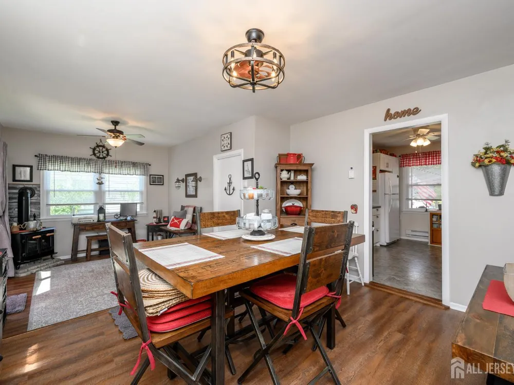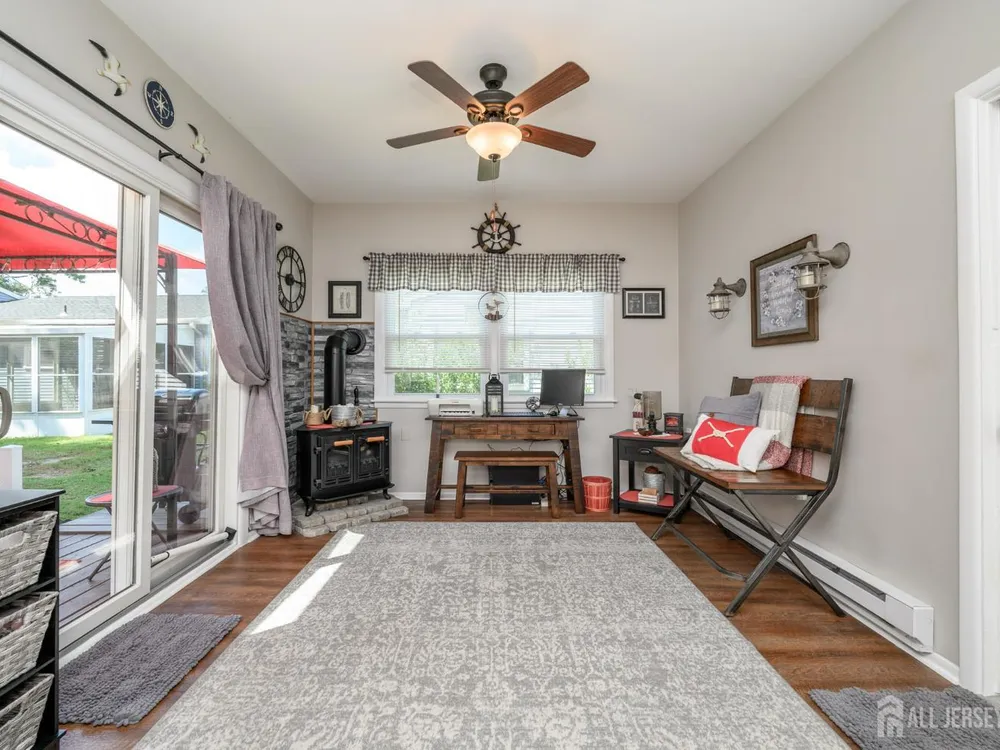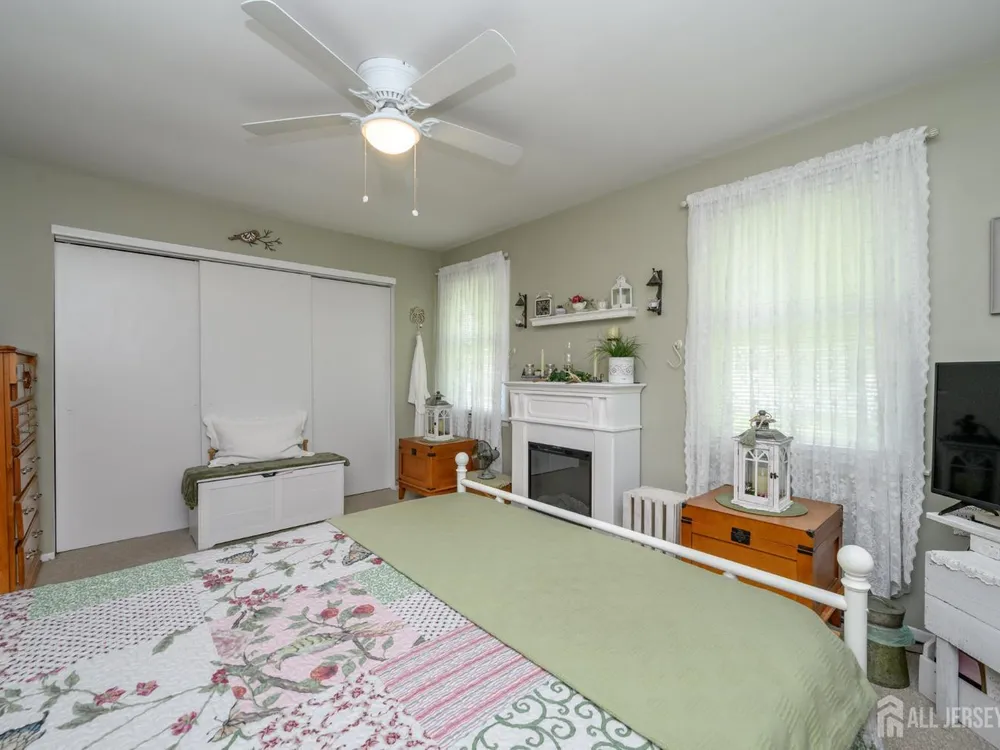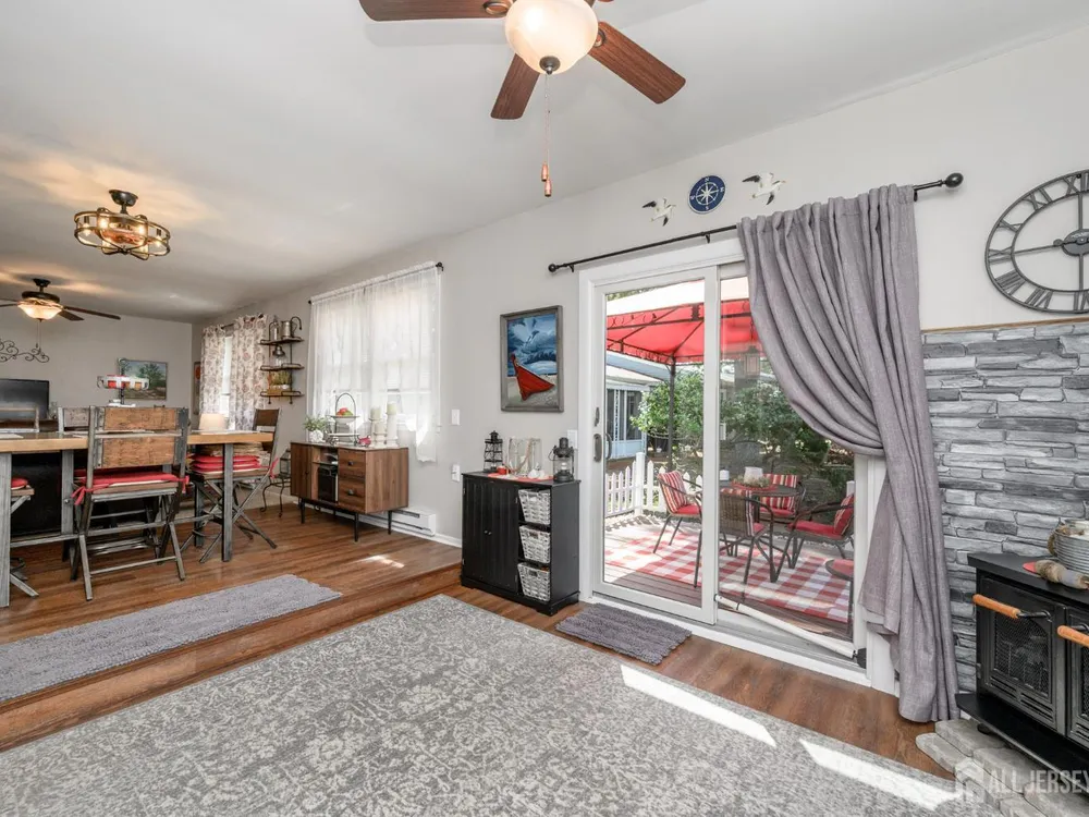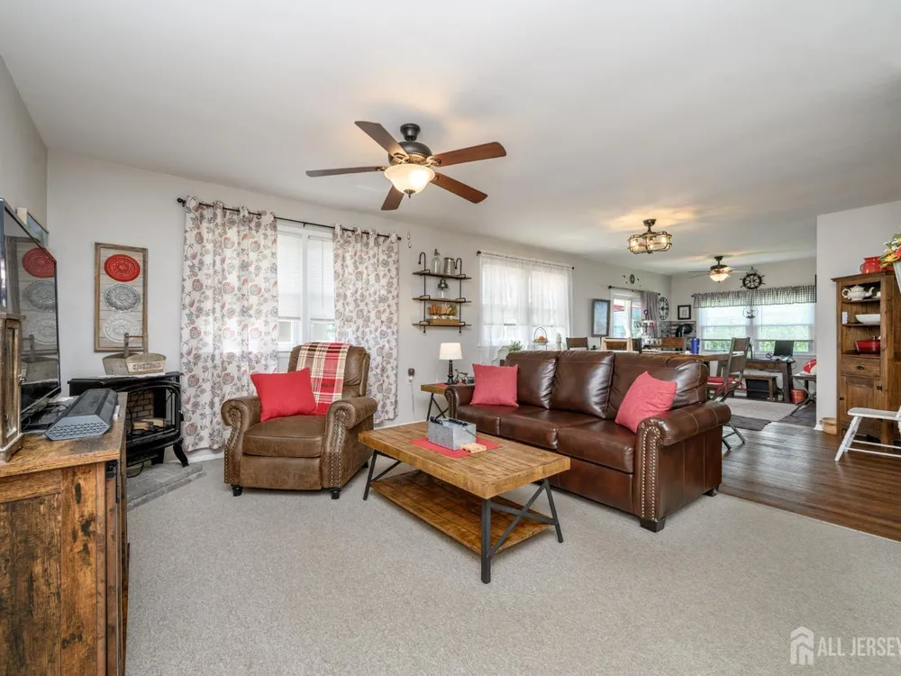 Home Sweet Home! Crestwood VII premieres this lovely 2 Bed 1 Bath Newbury model with 1 Car Garage and NEW Roof (Aug 2024), ready and waiting for you! Lovingly owned and maintained, with pride of ownership. Charming covered front porch boasts curb appeal, the perfect spot to enjoy your morning coffee with a new patio cantilever umbrella. Step in to find a spacious, light and bright interior with generous room sizes and plenty of natural light all through. Large living room, separate formal dining room, and cozy den with faux wood stove with sliders to the rear patio makes for seamless living and entertaining. Kitchen features ample upgraded maple wood cabinetry and decorative backsplash. Down the hall, the convenient laundry room, the main full bath, and 2 generous bedrooms with plush carpets and lighted ceiling fans for added comfort. Primary bedroom boasts a faux electric fireplace for added coziness. Dine al fresco on the private back patio with a 10x10 canopy for shade, and plush, peaceful views. Portable backup generator with dual gas/propane fuel adds the package. 1 car garage, driveway parking, solar panel savings, the list goes on! Enjoy amenities such as clubhouse events, exercise facilities, the community bus, mini golf, and more! All in a prime location, just 20 minutes to Seaside Boardwalk and Beaches, 40 minutes to LBI, and 10 minutes to Harry Wright Lake. *House comes furnished, if desired* Don't miss out! This could be the one!!
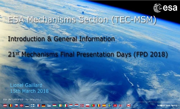 Participation at European Space Agency conference, “Workshop on Optical Mechanisms and Mechanisms Final Presentation Days”
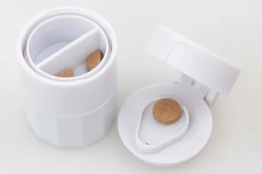 1) a felső részén található egy tabletta adagoló 2) a középső részében egy kétkamrás tabletta tároló van 3) a tároló alatt található egy ivó pohár a tabletták lenyeléséhez 4) az alján helyezkedik el a tabletta zúzó (egy tabletta elfordításával összetörheti)
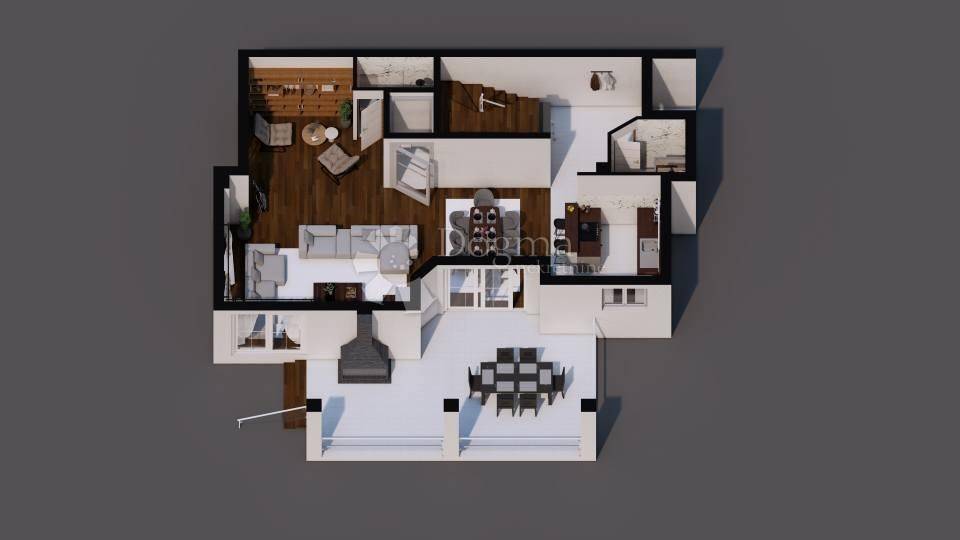 LUXURY THREE-STOREY APARTMENT IN FAŽANA 100 M FROM THE SEA Fažana is a small but extremely charming fishing village located along the Istrian coast, known for its idyllic setting, crystal clear sea and sandy beaches. Here you can enjoy a peaceful life with beautiful sea views, but also be close to all the necessary amenities, restaurants and tourist attractions. Luxury property in Fažana for sale! This unique property represents the ultimate combination of luxury and comfort, located only 100 meters from the sea. A spacious three-story apartment with modern amenities, connected by an elevator that leads from the basement to the attic, is the perfect choice for those looking for privacy, but also elegance. Apartment description: - Basement: Garage, engine room, sauna, gym, bathroom, tavern with kitchen - ideal for relaxing and enjoying privacy. - Ground floor: Spacious kitchen, bathroom and living room with access to a large terrace, the perfect space for relaxing or socializing. - 1st floor: Four luxurious bedrooms, each with its own bathroom and balcony. Two bedrooms have a balcony with a beautiful sea view. - Attic: Spacious attic ideal for additional amenities or relaxation. This property is a real rarity on the market, with a private elevator and incredible sea views. It is perfectly connected to nature and the sea, making it an ideal choice for luxury living in Fažana. For more information or to arrange a viewing, please contact us! STEFANO PERUŠKO LICENSED AGENT Mobile 099/721-0395 stefano.perusko@dogma-nekretnine.com

▶ **Task to carry out**: Give back the full data exactly as it reads, but drop the pictures.

▶ **Result for this task**:
 Home Sweet Home! Crestwood VII premieres this lovely 2 Bed 1 Bath Newbury model with 1 Car Garage and NEW Roof (Aug 2024), ready and waiting for you! Lovingly owned and maintained, with pride of ownership. Charming covered front porch boasts curb appeal, the perfect spot to enjoy your morning coffee with a new patio cantilever umbrella. Step in to find a spacious, light and bright interior with generous room sizes and plenty of natural light all through. Large living room, separate formal dining room, and cozy den with faux wood stove with sliders to the rear patio makes for seamless living and entertaining. Kitchen features ample upgraded maple wood cabinetry and decorative backsplash. Down the hall, the convenient laundry room, the main full bath, and 2 generous bedrooms with plush carpets and lighted ceiling fans for added comfort. Primary bedroom boasts a faux electric fireplace for added coziness. Dine al fresco on the private back patio with a 10x10 canopy for shade, and plush, peaceful views. Portable backup generator with dual gas/propane fuel adds the package. 1 car garage, driveway parking, solar panel savings, the list goes on! Enjoy amenities such as clubhouse events, exercise facilities, the community bus, mini golf, and more! All in a prime location, just 20 minutes to Seaside Boardwalk and Beaches, 40 minutes to LBI, and 10 minutes to Harry Wright Lake. *House comes furnished, if desired* Don't miss out! This could be the one!!
 Participation at European Space Agency conference, “Workshop on Optical Mechanisms and Mechanisms Final Presentation Days”
 1) a felső részén található egy tabletta adagoló 2) a középső részében egy kétkamrás tabletta tároló van 3) a tároló alatt található egy ivó pohár a tabletták lenyeléséhez 4) az alján helyezkedik el a tabletta zúzó (egy tabletta elfordításával összetörheti)
 LUXURY THREE-STOREY APARTMENT IN FAŽANA 100 M FROM THE SEA Fažana is a small but extremely charming fishing village located along the Istrian coast, known for its idyllic setting, crystal clear sea and sandy beaches. Here you can enjoy a peaceful life with beautiful sea views, but also be close to all the necessary amenities, restaurants and tourist attractions. Luxury property in Fažana for sale! This unique property represents the ultimate combination of luxury and comfort, located only 100 meters from the sea. A spacious three-story apartment with modern amenities, connected by an elevator that leads from the basement to the attic, is the perfect choice for those looking for privacy, but also elegance. Apartment description: - Basement: Garage, engine room, sauna, gym, bathroom, tavern with kitchen - ideal for relaxing and enjoying privacy. - Ground floor: Spacious kitchen, bathroom and living room with access to a large terrace, the perfect space for relaxing or socializing. - 1st floor: Four luxurious bedrooms, each with its own bathroom and balcony. Two bedrooms have a balcony with a beautiful sea view. - Attic: Spacious attic ideal for additional amenities or relaxation. This property is a real rarity on the market, with a private elevator and incredible sea views. It is perfectly connected to nature and the sea, making it an ideal choice for luxury living in Fažana. For more information or to arrange a viewing, please contact us! STEFANO PERUŠKO LICENSED AGENT Mobile 099/721-0395 stefano.perusko@dogma-nekretnine.com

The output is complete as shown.